§ How to complete this task: Your output should be the lines below from the one with "Returned soldiers march" through the one with "Pantalón de polipiel", copied exactly, pictures excluded.

-------------------------

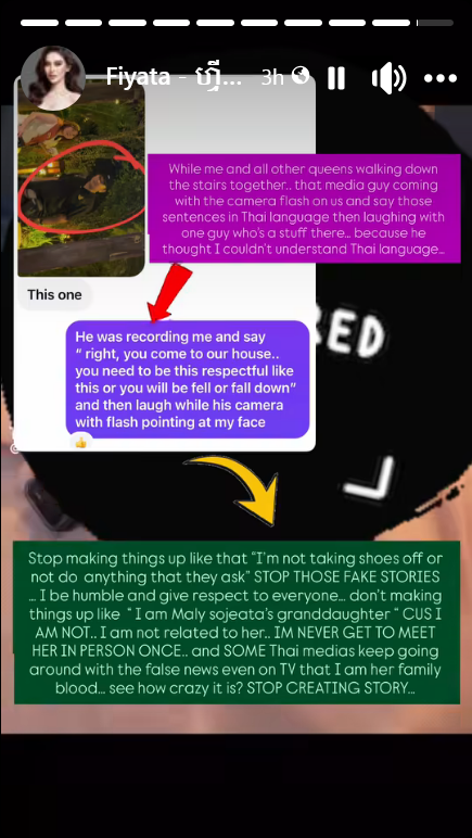បន្ថែមពីនោះ ក្នុងវីដេអូ ដែលអ្នកនាង ហ្វីយ៉ាតា បានបង្ហោះឡើងលើ Story បានបញ្ជាក់បន្ថែមថា បុរសរូបនោះ គឺជាអ្នកសារព័ត៌មាន ហើយអំឡុងពេល ដែលនាង និង បវរកញ្ញាផ្សេងទៀតបានដើរចុះមកក្រោម គឺអ្នកសារព័ត៌មានរូបនោះ បានកាន់កាមេរ៉ាបើក flash និង និយាយពាក្យទាំងនោះ ព្រមទាំងសើចជាមួយនឹងបុគ្គលិកម្នាក់នៅក្បែរនោះ ដោយគិតថានាងមិនចេះស្តាប់ភាសាថៃ។
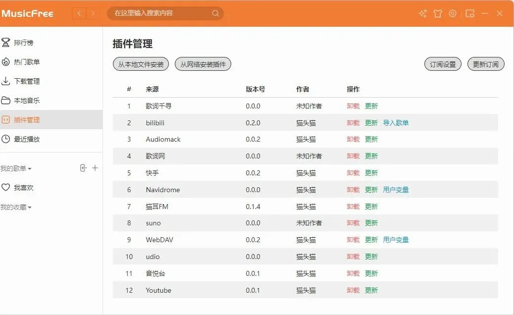 点击更新订阅后要加载1到2分钟(到了两分钟如果还在加载,直接退出软件,再进入也能看到导入的音源),加载成功后导入的音乐可以在插件管理页面看到
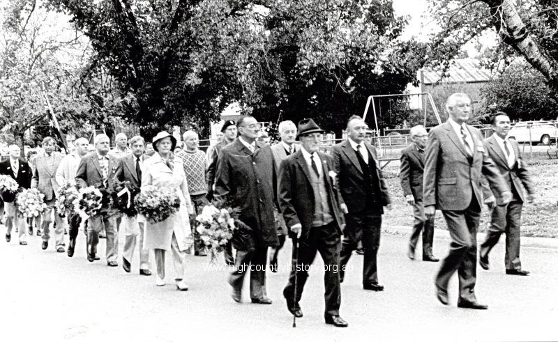Returned soldiers march to Memorial Memorial Gates, up Highett Street. Front row right to left: Perc Balding, Don Dick, Unknown, Pros Reid, Eric Pigdon, Unknown, Roy Bostock, John Buckland. Middle row right to left: Unknown, John Flynn, Harry Nix, Unknown, Unknown, maybe Jack Purcell. Back row right to left: Gordon McMillan, Freddie Jewell, Unknown, Unknown.
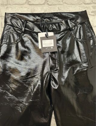 Pantalón de polipiel negro. El bajo tiene cremallera en el interior. Están nuevos con la etiqueta.
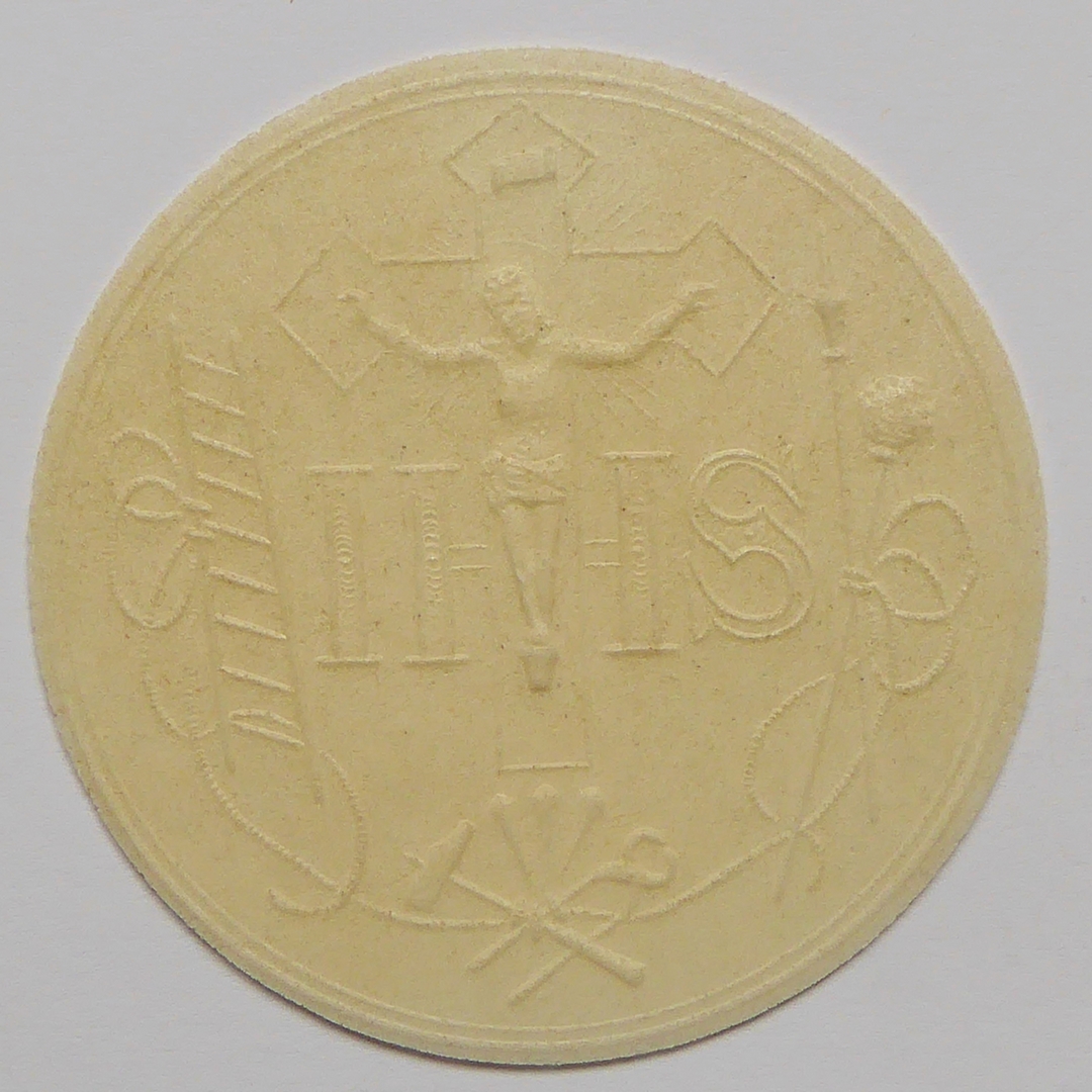 Hostie met gekruisigde Christus met INRI, IHS, ladder, spons en speer, hamer, nijptang en drie nagels
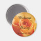 Nah aus einer pfirsichfarbenen Rose füllt den Hintergrund mit Ihren Namen und Datum.
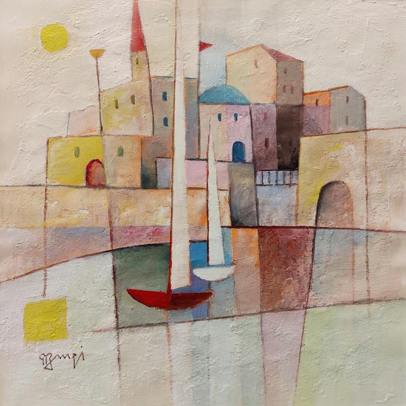 This unique and original contemporary artwork "A020 Soleil levant" on the subjects of Landscapes, Marine has been created by the contemporary artist Burgi Roger.
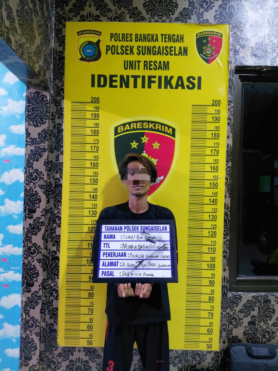Pelaku berinisial IW (27), warga Desa Batun, Kecamatan Jejawi, Kabupaten OKI, Sumsel, yang diketahui telah menetap di Sungai Selan, Bangka Tengah. IW menjalankan aksinya bersama seorang rekannya berinisial SM (58), yang juga berasal dari desa yang sama dan kini berdomisili di Kelurahan Sungai Selan, Kecamatan Sungaiselan. SM berhasil diamankan di kediamannya di Sungaiselan oleh petugas.
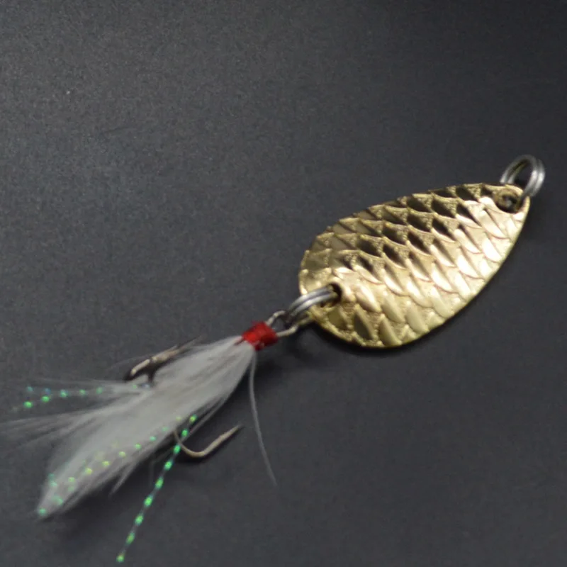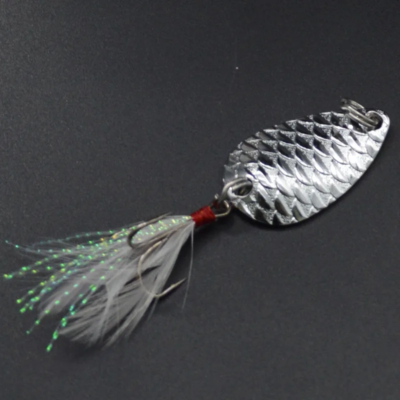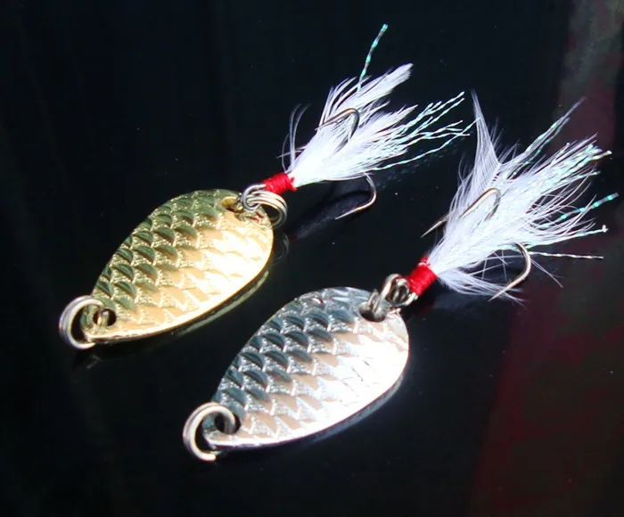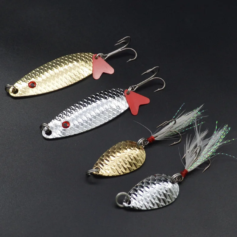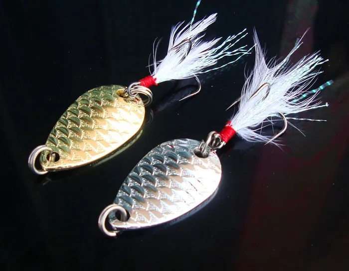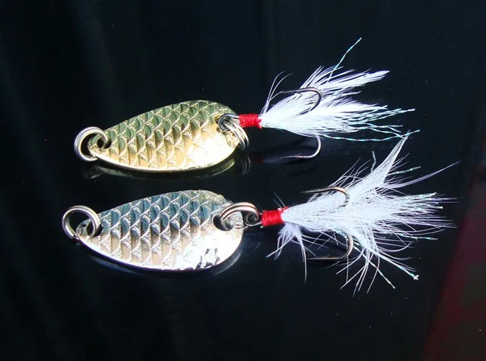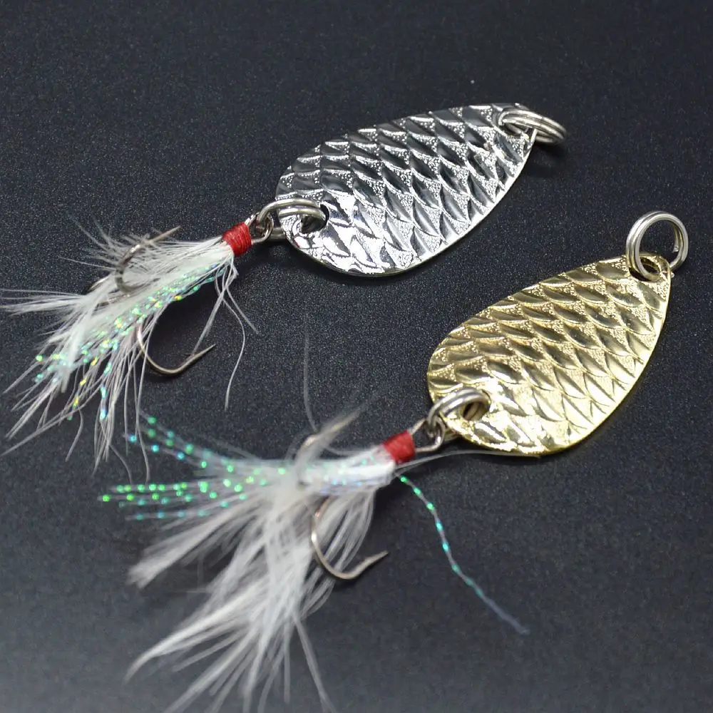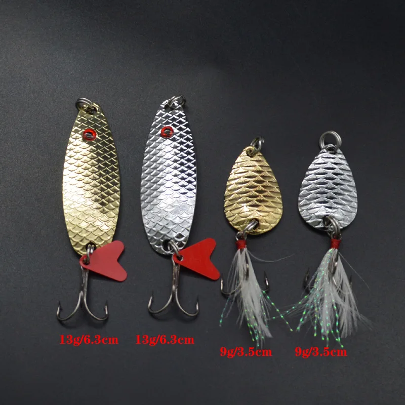 Señuelos tipo cuchara de pesca, anzuelo triple con plantillas de Metal de plumas, cebo duro de 9g, 13g, señuelos artificiales, lote de 2 piezas

-------------------------

§ Exercise solution:
Returned soldiers march to Memorial Memorial Gates, up Highett Street. Front row right to left: Perc Balding, Don Dick, Unknown, Pros Reid, Eric Pigdon, Unknown, Roy Bostock, John Buckland. Middle row right to left: Unknown, John Flynn, Harry Nix, Unknown, Unknown, maybe Jack Purcell. Back row right to left: Gordon McMillan, Freddie Jewell, Unknown, Unknown.
 Pantalón de polipiel negro. El bajo tiene cremallera en el interior. Están nuevos con la etiqueta.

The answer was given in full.